Leave out the images; return the rest of the data exactly.

*Information supplied*:
━━━
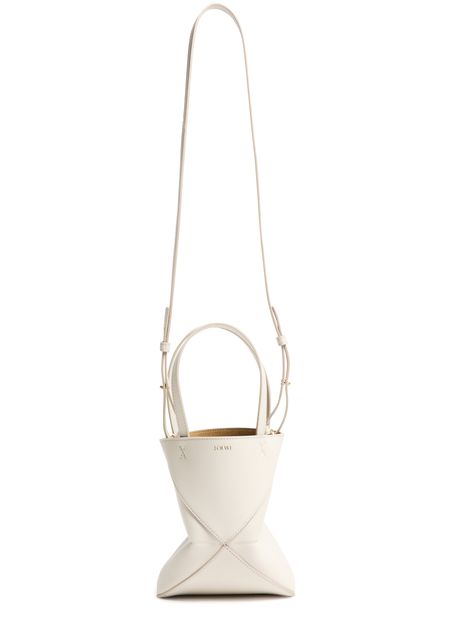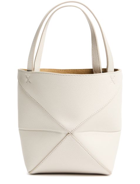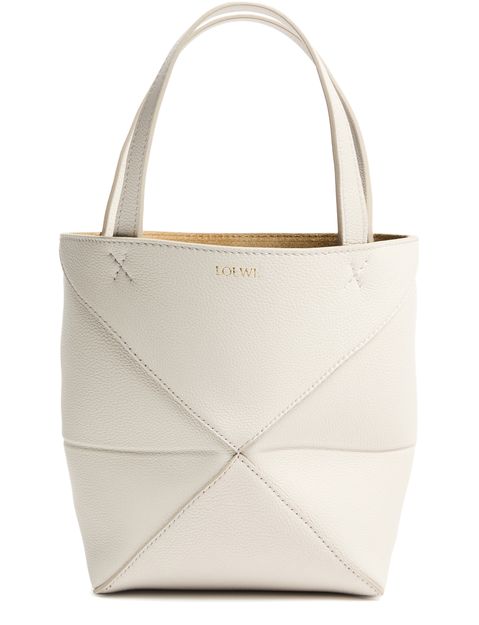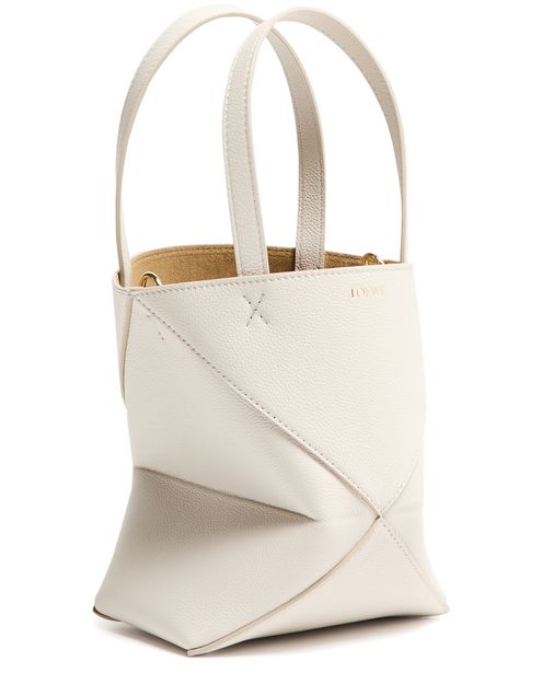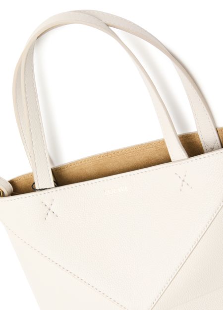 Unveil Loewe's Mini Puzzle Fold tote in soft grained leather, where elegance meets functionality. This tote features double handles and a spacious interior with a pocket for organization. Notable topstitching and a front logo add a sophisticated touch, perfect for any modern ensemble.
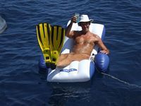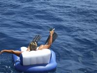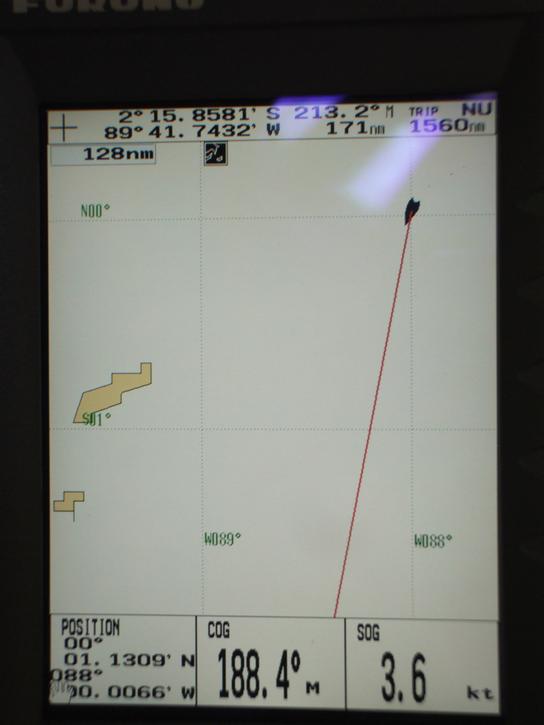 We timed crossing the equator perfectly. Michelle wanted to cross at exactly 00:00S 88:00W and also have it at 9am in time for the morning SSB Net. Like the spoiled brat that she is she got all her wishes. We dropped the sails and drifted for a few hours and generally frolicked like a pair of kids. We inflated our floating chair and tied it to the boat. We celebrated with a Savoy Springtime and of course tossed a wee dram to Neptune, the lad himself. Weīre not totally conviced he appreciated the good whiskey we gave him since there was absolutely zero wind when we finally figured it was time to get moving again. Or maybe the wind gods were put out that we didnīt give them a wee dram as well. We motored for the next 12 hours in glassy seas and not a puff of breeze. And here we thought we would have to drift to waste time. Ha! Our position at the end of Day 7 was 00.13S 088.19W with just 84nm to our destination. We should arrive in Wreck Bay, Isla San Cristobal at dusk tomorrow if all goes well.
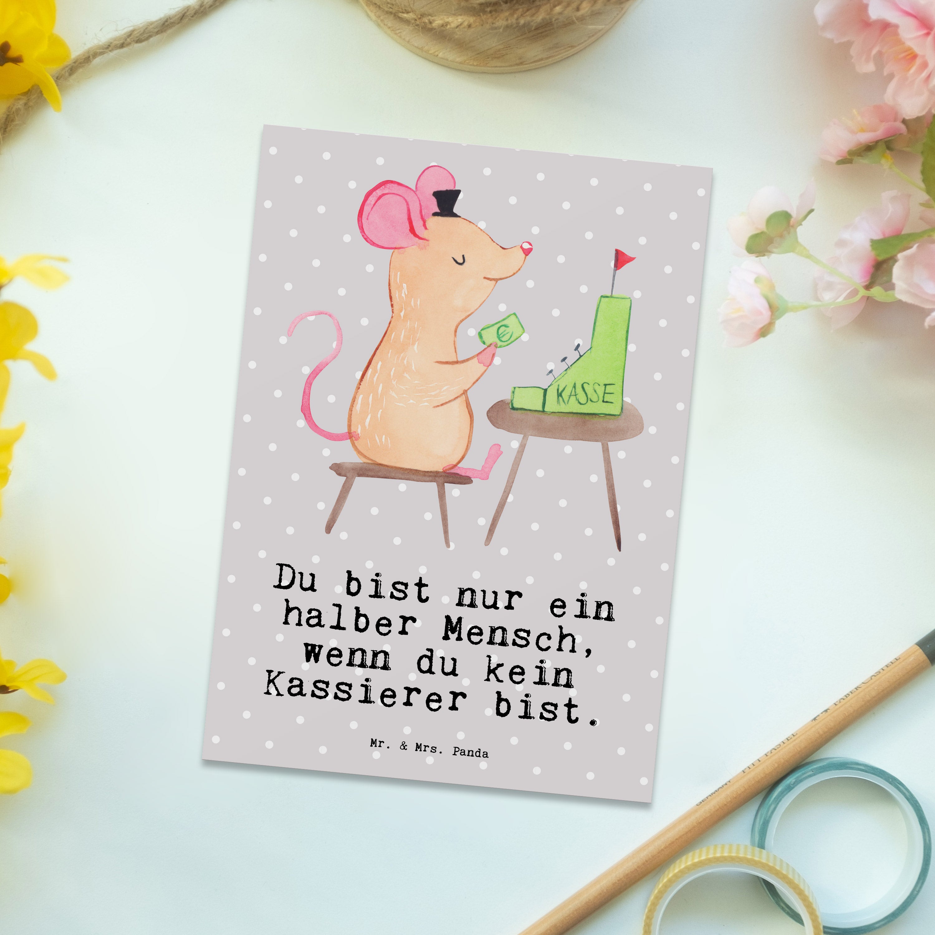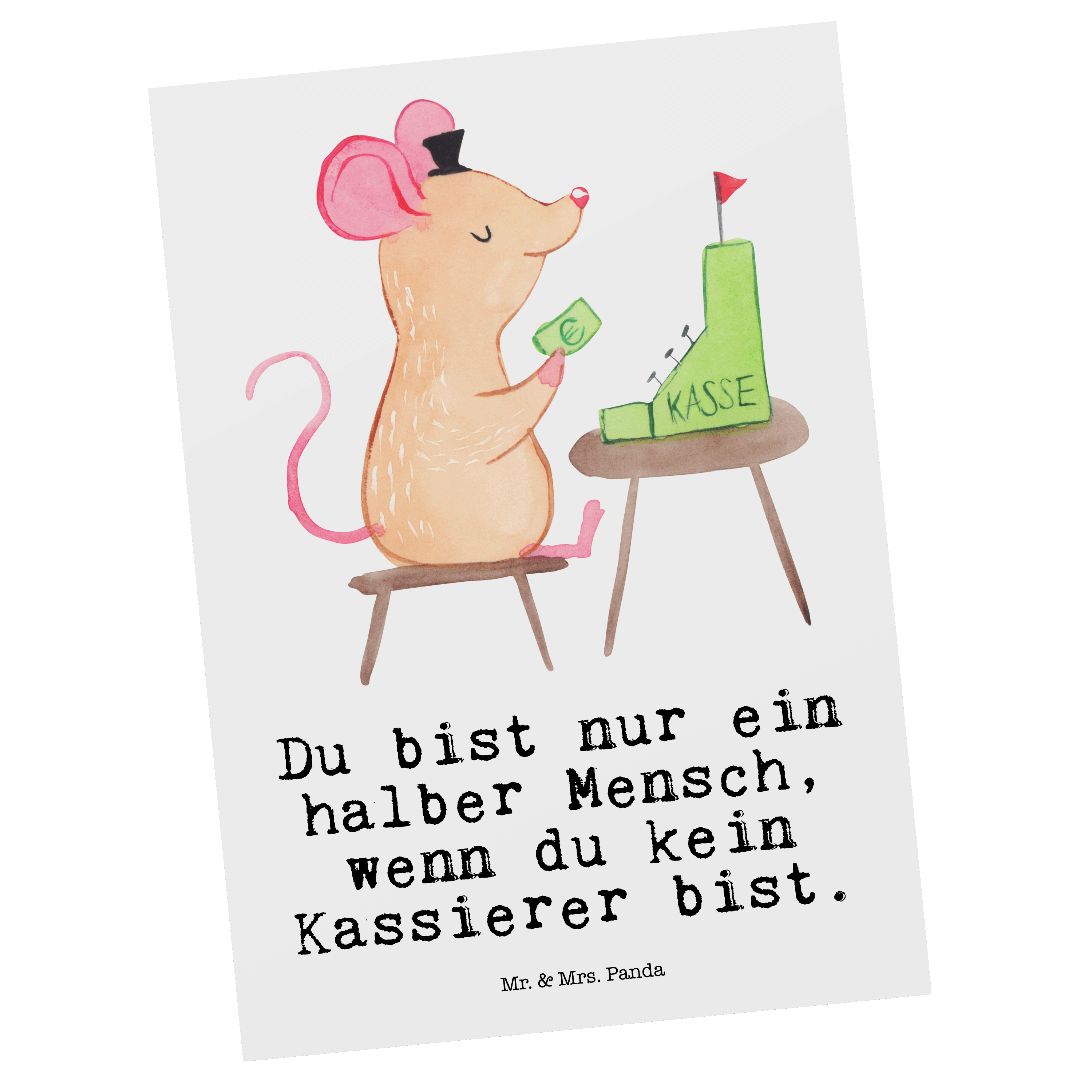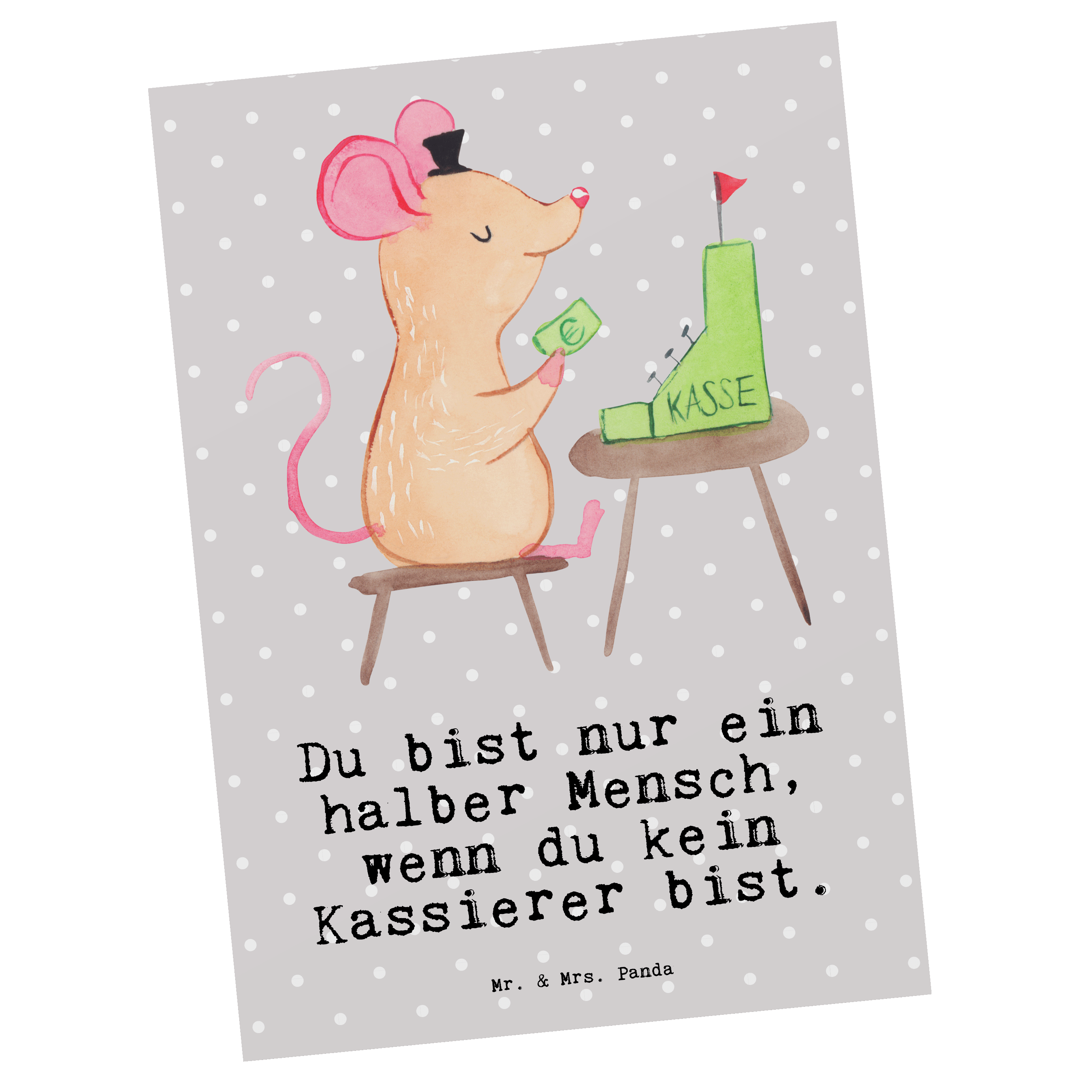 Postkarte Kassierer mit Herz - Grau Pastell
━━━
*Written answer*:
 Unveil Loewe's Mini Puzzle Fold tote in soft grained leather, where elegance meets functionality. This tote features double handles and a spacious interior with a pocket for organization. Notable topstitching and a front logo add a sophisticated touch, perfect for any modern ensemble.
 We timed crossing the equator perfectly. Michelle wanted to cross at exactly 00:00S 88:00W and also have it at 9am in time for the morning SSB Net. Like the spoiled brat that she is she got all her wishes. We dropped the sails and drifted for a few hours and generally frolicked like a pair of kids. We inflated our floating chair and tied it to the boat. We celebrated with a Savoy Springtime and of course tossed a wee dram to Neptune, the lad himself. Weīre not totally conviced he appreciated the good whiskey we gave him since there was absolutely zero wind when we finally figured it was time to get moving again. Or maybe the wind gods were put out that we didnīt give them a wee dram as well. We motored for the next 12 hours in glassy seas and not a puff of breeze. And here we thought we would have to drift to waste time. Ha! Our position at the end of Day 7 was 00.13S 088.19W with just 84nm to our destination. We should arrive in Wreck Bay, Isla San Cristobal at dusk tomorrow if all goes well.
 Postkarte Kassierer mit Herz - Grau Pastell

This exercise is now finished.